Let's work with train dataset:

**Confirm if this is a dataframe or not:**

In [5]:
type(trainDF)

pyspark.sql.dataframe.DataFrame

**Show 5 rows.**

In [6]:
trainDF.show(5)

+-----------+--------+------+--------------------+------+----+-----+-----+----------------+-------+-----+--------+
|PassengerId|Survived|Pclass|                Name|   Sex| Age|SibSp|Parch|          Ticket|   Fare|Cabin|Embarked|
+-----------+--------+------+--------------------+------+----+-----+-----+----------------+-------+-----+--------+
|          1|       0|     3|Braund, Mr.

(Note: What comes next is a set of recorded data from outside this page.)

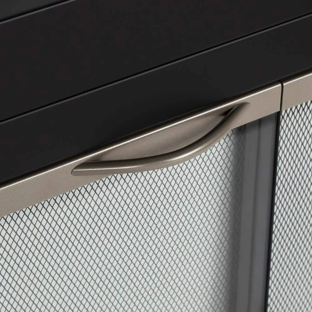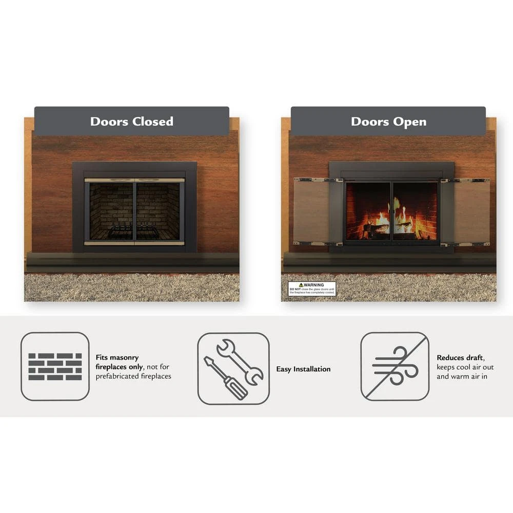 Boasting an art deco aesthetic, the Pleasant Hearth Alsip Fireplace Glass Door Collection is a beautiful, black, cabinet style, one-piece frame. When installed, the fireplace glass door enhances the appearance of your family’s indoor, wood-burning, traditional masonry fireplace hearth. All Pleasant Hearth Fireplace Glass Door sets are designed for masonry fireplaces only and are not compatible with prefabricated fireplaces – see our sizing guide for more details: (link to the FGD sizing guide on our site/reference its location for retailers)When it’s time to unwind from the day, glass door set opens completely, providing a clear view of your burning fire. The clear 3/16-in tempered glass doors must stay open while the fire is burning, and the built-in mesh firescreen panels act as a barrier to help contain embers. Both the glass doors and mesh panels have easy-catch magnets to help keep them closed.The glass doors can help you save energy year-round – when closed, they prevent AC and heat loss through the chimney by up to 90%. The hidden damper knob at the bottom of the firescreen provides additional air flow to feed the fire for bigger, longer-lasting flames. Closed fireplace glass door sets also prevent cold chimney downdrafts from entering your home and keep pets and children out of fireplace soot.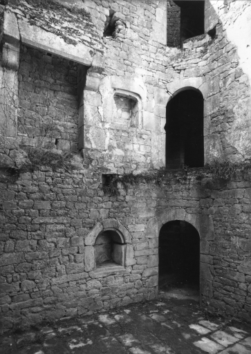 Ancien logis, vue intérieure prise du nord-est, avec départ de l'escalier dans la tour. Etat en 1978.Immatriculation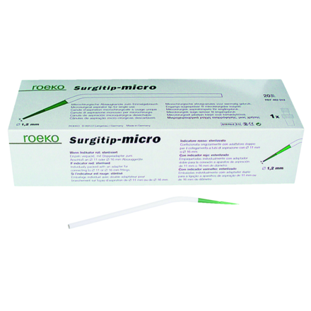 Surgitip-micro is specially designed for use with microscopes and loupes. The extra fine tip-opening of 1.2 mm ensures precise aspiration without blocking the field of vision. Surgitip-micro is sterile and ready for use in peel packs. Includes 1 Double Adaptor for ° 11 mm and ° 16 mm equipment.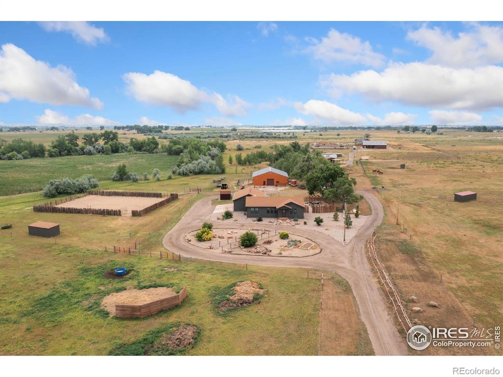 Dream equestrian estate on 38 acres! This sprawling property is fully loaded with thoughtfully designed features and horse-ready amenities. Pull in through the circular drive and be greeted by a low-maintenance xeriscape yard that blends effortlessly into the natural beauty of the surroundings. The single-level, custom-built home strikes a beautiful balance between rustic design and modern comforts, featuring an open layout with vaulted ceilings, stained concrete radiant heated floors and new A/C! Craftsmanship shines through with wood, stone, and industrial details that deliver a sleek warm aesthetic. The living room is centered around a stained steel ethanol fireplace that adds bold style and cozy ambiance. Enjoy cooking your favorite meals in the kitchen, equipped with stainless steel appliances, granite counters, tiled backsplash, and a large island with bar seating. Two bedrooms are positioned on opposite ends of the home, for added privacy, each with an elegant chandelier and space to relax. The primary includes a walk-in closet, a private ensuite bath. The sunroom is flexible enough to become a home office, guest room, nursery, studio, or reading nook. Outdoor living is elevated with a fenced backyard oasis, complete with a concrete patio that's already equipped with a hot tub, a pergola for lazy afternoons, plus a two-tier raised deck with sun shades and warm lighting. The attached 3-car insulated garage includes built-in cabinets and a workbench, perfect for hobbies or additional storage. The fully insulated 2,688 sqft barn is the heart of the property's equestrian setup. Inside, you'll find a tack room, hay storage, utility area, three rubber-matted stalls, and tall doors big enough for tractors or trailers. A fully fenced riding arena, four pastures with horse-safe fencing, and multiple loafing sheds round out the property's horse-friendly amenities. Quick access to I-25 keeps everything within reach. 3rd BR is non-conforming.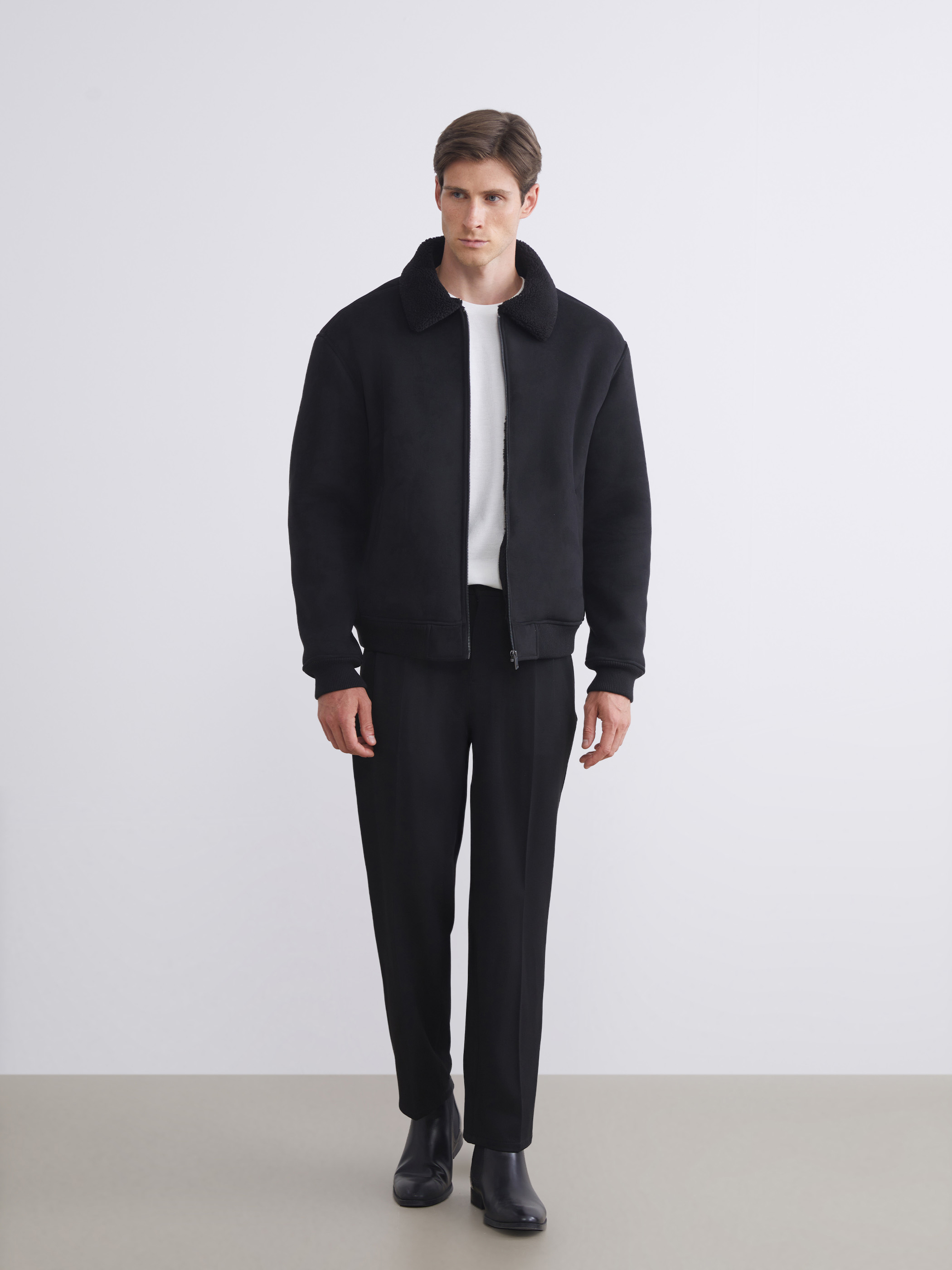 Deri Görünümlü Mont YENİ SİYAH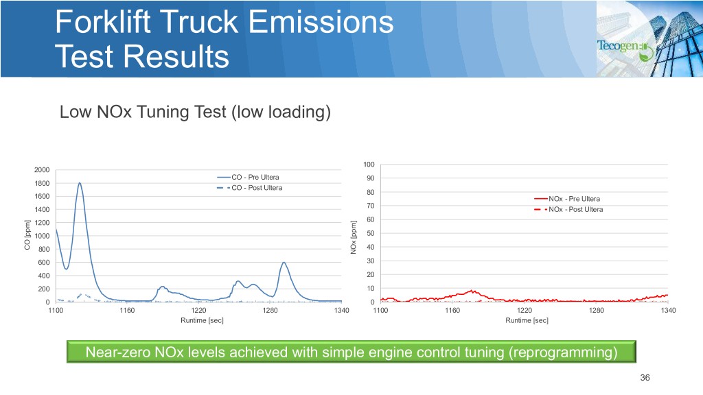 Forklift Truck Emissions Test Results Low NOx Tuning Test (low loading) 100 2000 CO - Pre Ultera 90 1800 CO - Post Ultera 80 1600 NOx - Pre Ultera 70 1400 NOx - Post Ultera 1200 60 1000 50 CO [ppm] CO 800 40 NOx [ppm]NOx 600 30 400 20 200 10 0 0 1100 1160 1220 1280 1340 1100 1160 1220 1280 1340 Runtime [sec] Runtime [sec] Near-zero NOx levels achieved with simple engine control tuning (reprogramming) 36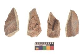 | Description / विवरण | There are n 4 utilized flakes. There are multi directional irregular scar pattern on both dorsal and ventral face of the flakes. three are tapering at one end and one has partly broken edge. |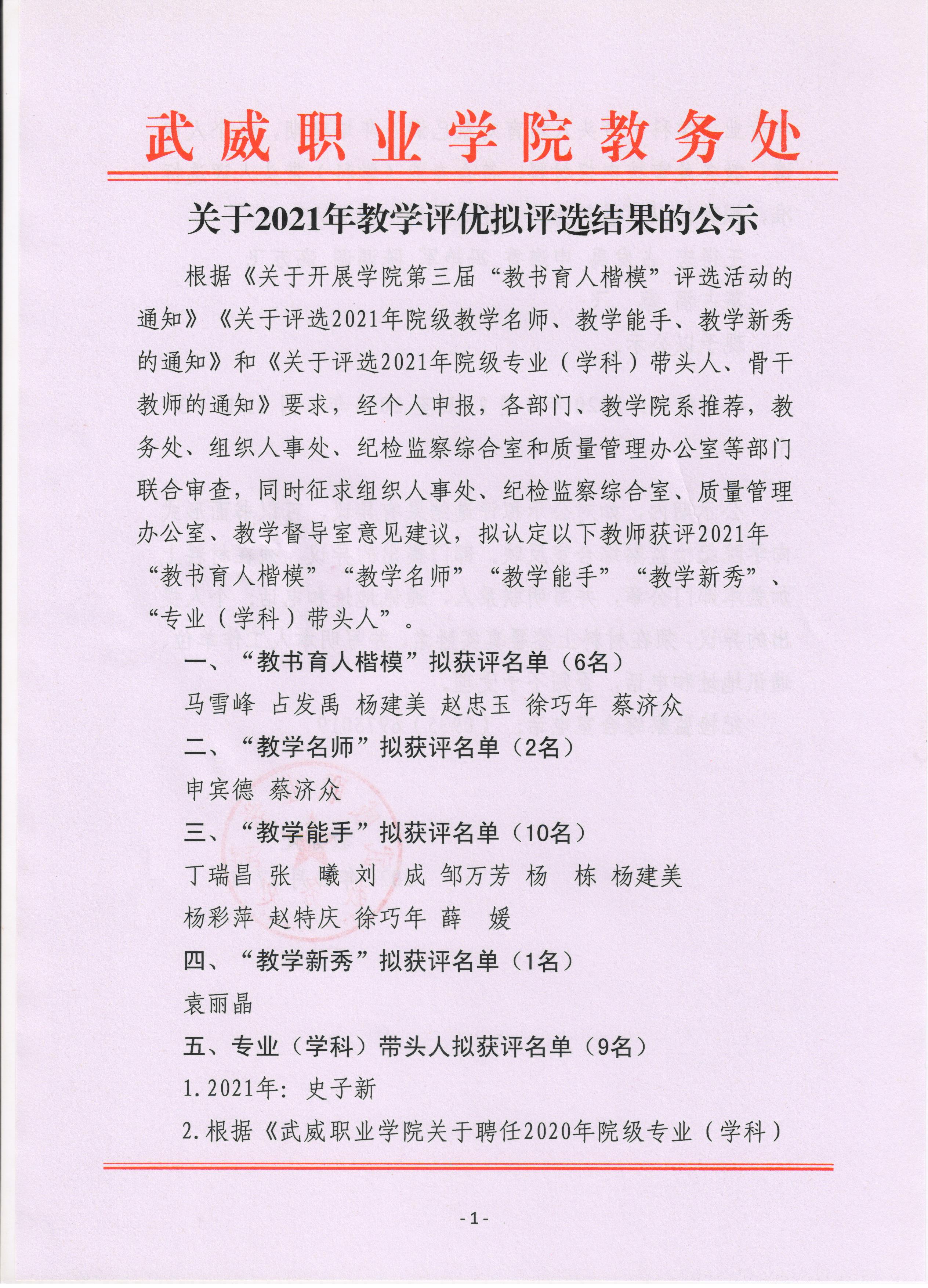 關(guān)于教學(xué)評優(yōu)擬評選結(jié)果的公示

Owen ...|  male|22.0|    1|    0|       A/5 21171|   7.25| null|       S|
|          2|       1|     1|Cumings, Mrs. Joh...|female|38.0|    1|    0|        PC 17599|71.2833|  C85|       C|
|          3|       1|     3|Heikkinen, Miss. ...|female|26.0|    0|    0|STON/O2. 3101282|  7.925| null|       S|
|          4|       1|     1|Futrelle, Mrs. Ja...|female|35.0|    1|    0|          113803|   53.1| C123|       S|
|          5|       0|     3|Allen, Mr. Willia...|  male|35.0|    0|    0|          373450|   8.05| null|       S|
+-----------+--------+------+--------------------+------+----+-----+-----+------

**Display schema for the dataset:**

In [7]:
trainDF.printSchema()

root
 |-- PassengerId: integer (nullable = true)
 |-- Survived: integer (nullable = true)
 |-- Pclass: integer (nullable = true)
 |-- Name: string (nullable = true)
 |-- Sex: string (nullable = true)
 |-- Age: double (nullable = true)
 |-- SibSp: integer (nullable = true)
 |-- Parch: integer (nullable = true)
 |-- Ticket: string (nullable = true)
 |-- Fare: double (nullable = true)
 |-- Cabin: string (nullable = true)
 |-- Embarked: string (nullable = true)



**Statistical summary:**

In [8]:
trainDF.describe().show()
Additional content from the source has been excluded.